Tuesday 29 August 2017

Deaf Sentence

I re read Deaf Sentence by David Lodge last week while on holiday, it was on a bookshelf in the house we rented at Freshwater Bay. Last time I read it I was not deaf myself, but it really struck home this time.  It is about an elderly linguistics professor who gets into an embarrassing situation due to not hearing what a woman says to him at a party.   My deafness is at its worst  in a large group especially when it includes small children and I constantly have to guess, usually wrongly, what has been said, with or without my hearing aids.     It must drive the rest of the family barmy, but they were very patient.    
However, it was a great holiday in a really comfortable enormous house,with plenty of bathrooms and huge sofas.   It was near the beach so the more energetic of us could nip over the road for an early morning swim.    The Island is still as beautiful,  and wonderfully unchanged.   It is so reassuring to find that there is still the shop on the corner selling `ham on the bone` and slicing bacon up on a machine,  (though we ate neither as we are all mainly vegetarian these days)  There were about eighteen round the table for most meals and we took it in turns to cook and shop.    Having the three little boys, my great grandsons, was a joy and seeing them running in and out of the sea at Compton Bay as my kids used to do was lovely.          
It was a week with hardly any mobile phones (no signal)  radio, or television, and lots of swimming, walking, cycling, Scrabble and other games, and talking (though for me only the last two)    Coming back here to Dumbrells Court, it seems so quiet with all of us oldies.   And boringly neat and tidy too.
Unfortunately when I got back, I discovered to my horror that I had inadvertently turned off the fridge freezer when I left  (absentmendedness or senility?) so I was faced with a mountain of rotting food  including all the blackberries and apples I had squirrelled  away for making crumbles later and quiches and pies for future Quaker bring and shares. What a disaster.    I felt really guilty when I went to the dump with my black bagged load, as if I were disposing of a body.
How I love these late golden days of summer.    In spite of dodgy knees,I can still walk up Lodge Hill accompanied by an imaginary Bradley Wiggins and I had better start blackberrying again to replace the last lot.



Wednesday 16 August 2017

Blackberry time

I love picking blackberries,wild cherry plums too, and they are both plentiful round here. Also kind people put free windfall apples outside their front gates to go with the fruit. I made eight jars of hedgerow jam and several jars of bramble jelly and also made crumbles and put them in the freezer. So satisfying.  I am very keen on jam making though I eat little of it myself. I just love to see a row of freshly filled and  labelled jars in the kitchen.

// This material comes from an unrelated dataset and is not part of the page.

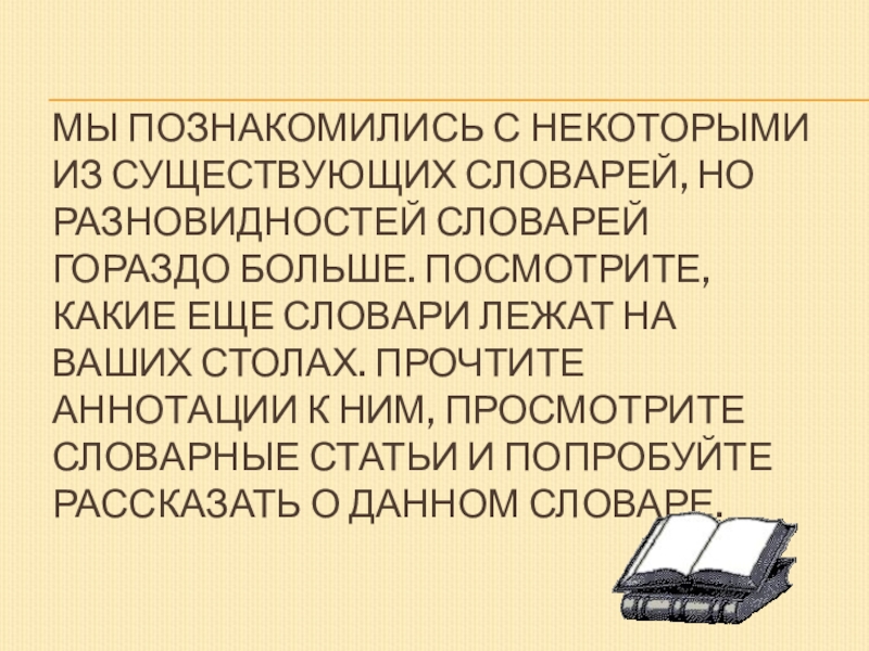 больше. Посмотрите, какие еще словари лежат на ваших столах. Прочтите аннотации к ним, просмотрите словарные статьи и попробуйте рассказать о данном словаре.

Some of the Darling family are camping in the Isle of Wight, where they go every year to a specially beautiful, quiet place on Shalfleet Creek which is always known as The Land.    I have never been a devotee of camping, but next week the campers and more of the tribe and I are renting a large house at Freshwater Bay.  There will be four generations there, with me as the eldest and three of the great grandboys will be the youngest.  We always try to congregate in the Island for Julia`s birthday on 21st August. We did it during her lifetime, and have done so ever since. We read some poems and perhaps have a bit of singing and dancing too.   We are like swallows and swifts who go back to the same spot each year.

I am going to travel on my free bus pass: Brighton to Portsmouth and then Ryde to Freshwater, but I will have to fork out for the ferry.   I am just doing because I like a challenge.   I always sit and read the Guardian on Saturdays, and then do the prize Cryptic crossword.  (Sister J does it as well and though  we sometimes have to appeal to son T for the really impossibly hard words in the end, we keep it going for days.) So I will just do the same as usual but on the bus.  I often have really interesting conversations on the buses too.       Having a bus pass has really enriched my life.     It is far more enjoyable than driving around in a car, but sadly there are too few buses in Ditchling, so I often have to drive to Brighton first. 

I am just waiting for the mobile library which only comes every three weeks now due to the cuts.   It is always a treat to climb up the steps into the cosy booklined van. I will need a good supply  for the holiday as I will not be able to scramble down cliffs or swim in the sea or go for long walks as I used to do, but can sit happily reading instead.